=== Section Start ===

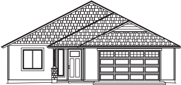
Shown with optional stone column and garage door windows
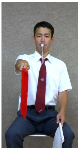
AKA KEIKKOKU Small circle in front
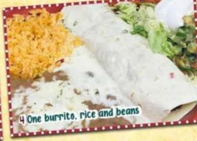
4 One burrito, rice and beans

=== Section End ===

**Your objective**
Please reproduce the lines exactly from the one containing "AKA KEIKKOKU Small circle in front" through the last line of the data above, and keep the pictures out.

**Output of the exercise**
AKA KEIKKOKU Small circle in front
4 One burrito, rice and beans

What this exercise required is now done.